## Exercise description
Give again, word for word, each line of the data from the first through the one containing "10月30日,上海建工集團(tuán)股". Pictures stay out.

## Task material

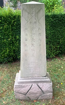Sur la partie française du cimetière un monument insolite surprend le visiteur. Il s’agit de la stèle funéraire d’un soldat (indo)chinois au nom de Wang Bing, en poste à Munster, au Camp Castelnau, entre 1919 et 1920. Il était chargé avec ses camarades d’exhumer les corps des soldats dispersés sur les champs de batailles et de remettre en état les lieux où les armées ennemies s’étaient affrontées. Il mourut suite à l’explosion d’un obus.
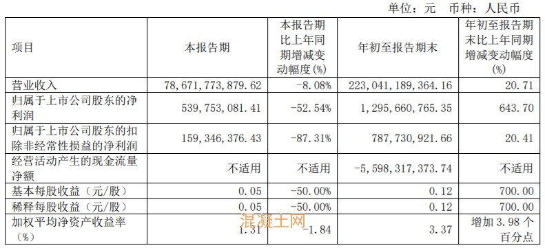 10月30日,上海建工集團(tuán)股份有限公司發(fā)布了2023年第三季度業(yè)績(jī)報(bào)告。第三季度,上海建工營(yíng)業(yè)收入為786.72億元,同比下降8.08%;歸屬于上市公司股東的凈利潤(rùn)為5.4億元,同比下降52.54%。前三季度,上海建工營(yíng)業(yè)收入為2230.42億元,同比上升20.71%;歸屬于上市公司股東的凈利潤(rùn)為12.96億元,同比上升643.7%。
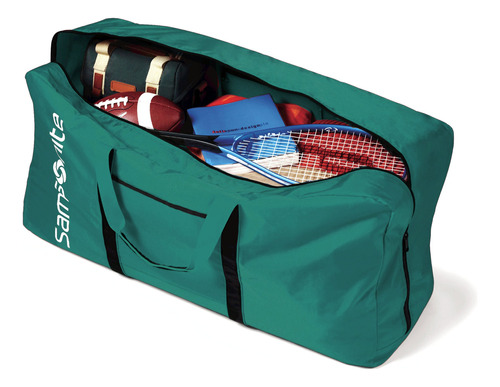 Mochila Samsonite, turquesa, individual — Excelente qualidade: feita de material leve e superdurável de nylon 400 Denier e lavável à mão — Compartimento principal espaçoso e bolso interno com zíper para itens pequenos — Conveniente de transportar e dobrável: esta mochila de náilon com alças bicolores, logotipo estampado na frente e dobrável para facilitar o armazenamento — Versátil: perfeita para usar como bolsa de ginástica leve, bolsa de ginástica, bolsa para sapatos, bolsa esportiva, bolsa de viagem, mochila, bolsa de transporte, bolsa de avião para transportar todos os seus equipamentos. Ótima para crianças: para um acampamento de verão, estudantes indo para a faculdade, guardando brinquedos ou para qualquer outra pessoa indo a qualquer lugar – Dimensões gerais: 33" x 17" x 11,5 polegadas, Peso: 1 libra – Bolso interno com zíper para itens pequenos – Dobrável para facilitar o armazenamento
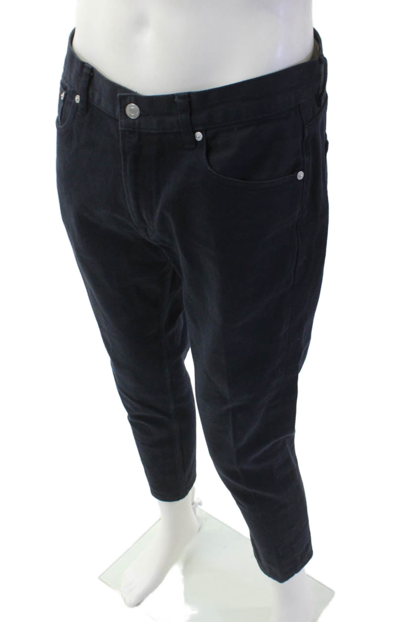 Zara Mens Cropped Ankle Pants Dark Blue Button Cotton Blend Size 31
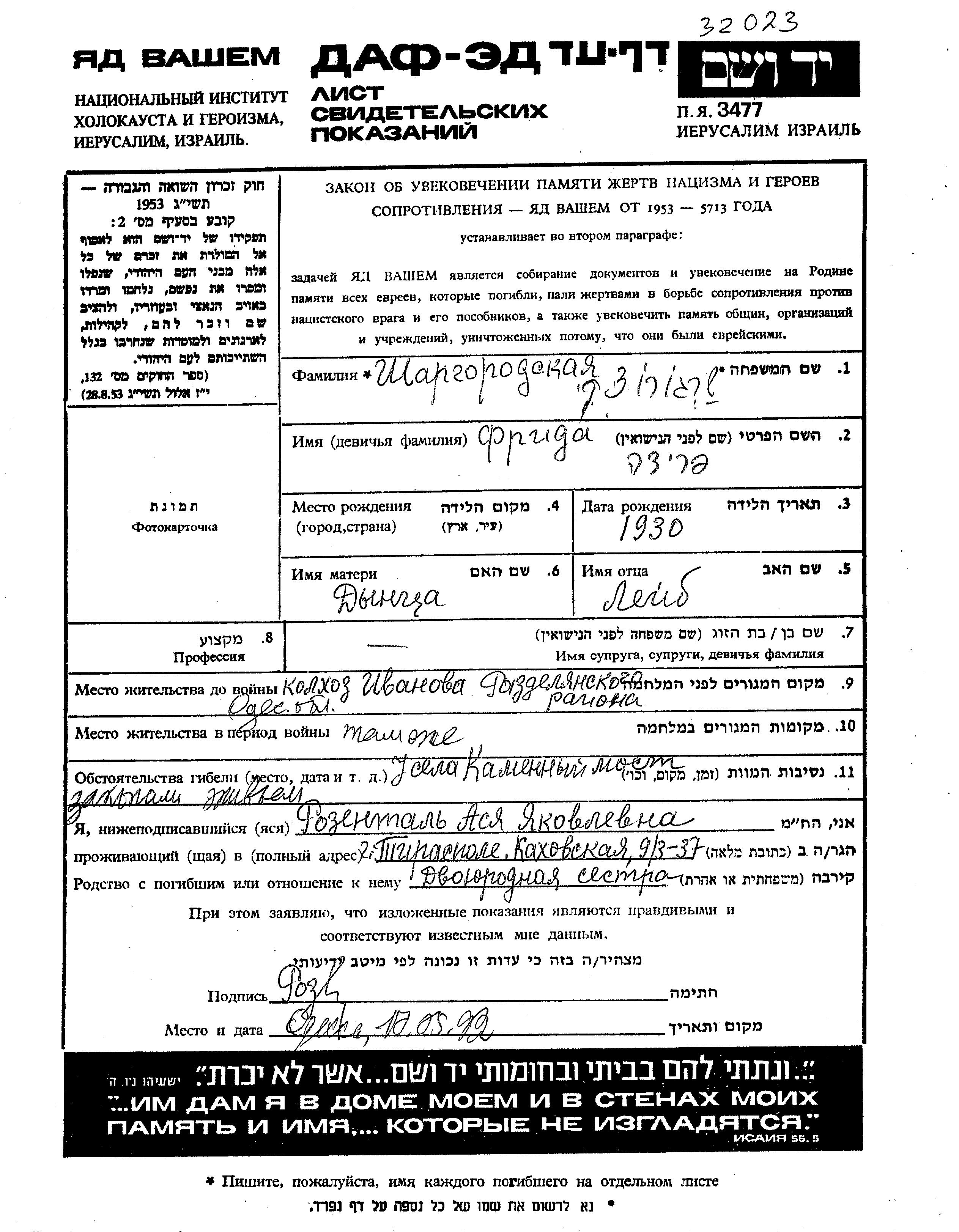 Яд Вашем - Листы свидетельских показаний Мемориального фонда
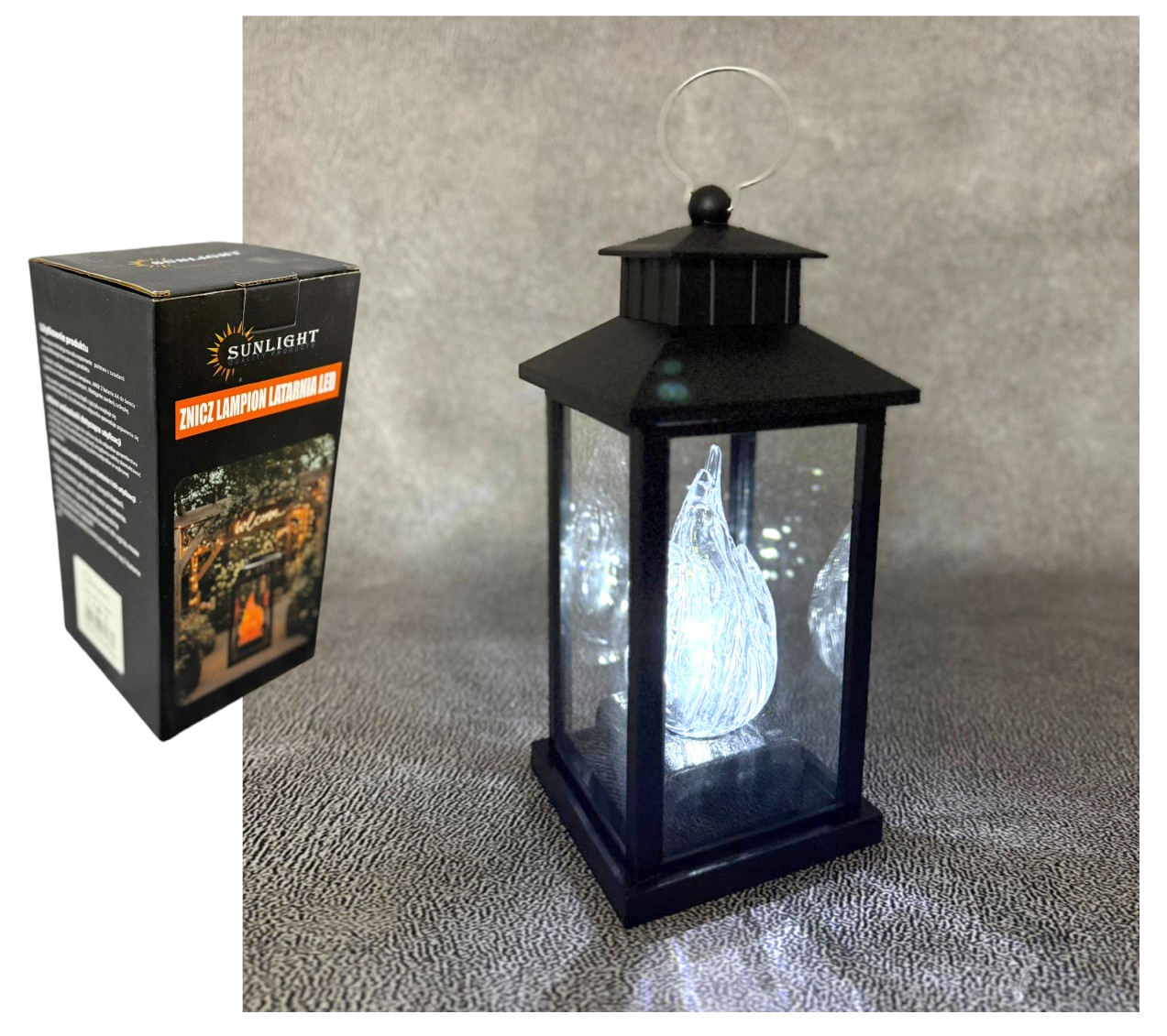 Znicz, lampion, latarnia LED plastik PROSTOKĄT z płomieniem wieloledowym ZIMNY BIAŁY 28,5x11x11 cm A7165W
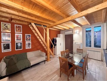 Proponiamo in esclusiva appartamento composto da due locali oltre al solaio mansardato rifinito ubicato in zona centrale del paese; contesto di corte ristrutturata con posto auto privato; immobile in perfette condizioni.
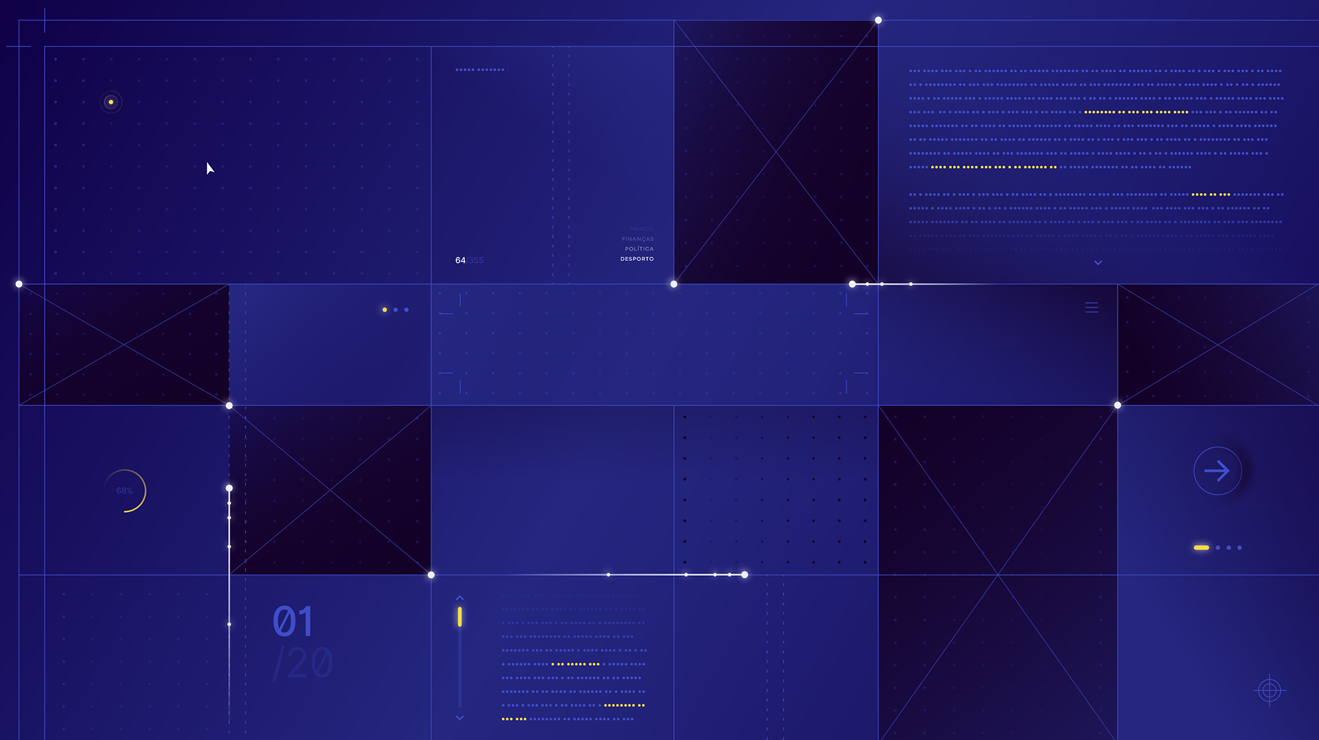 Built around the geometry of the RTP Notícias logo, the grid acts as a metaphor: the channel as a window to the world, where light, structure, and information meet.

## Reply
Sur la partie française du cimetière un monument insolite surprend le visiteur. Il s’agit de la stèle funéraire d’un soldat (indo)chinois au nom de Wang Bing, en poste à Munster, au Camp Castelnau, entre 1919 et 1920. Il était chargé avec ses camarades d’exhumer les corps des soldats dispersés sur les champs de batailles et de remettre en état les lieux où les armées ennemies s’étaient affrontées. Il mourut suite à l’explosion d’un obus.
 10月30日,上海建工集團(tuán)股份有限公司發(fā)布了2023年第三季度業(yè)績(jī)報(bào)告。第三季度,上海建工營(yíng)業(yè)收入為786.72億元,同比下降8.08%;歸屬于上市公司股東的凈利潤(rùn)為5.4億元,同比下降52.54%。前三季度,上海建工營(yíng)業(yè)收入為2230.42億元,同比上升20.71%;歸屬于上市公司股東的凈利潤(rùn)為12.96億元,同比上升643.7%。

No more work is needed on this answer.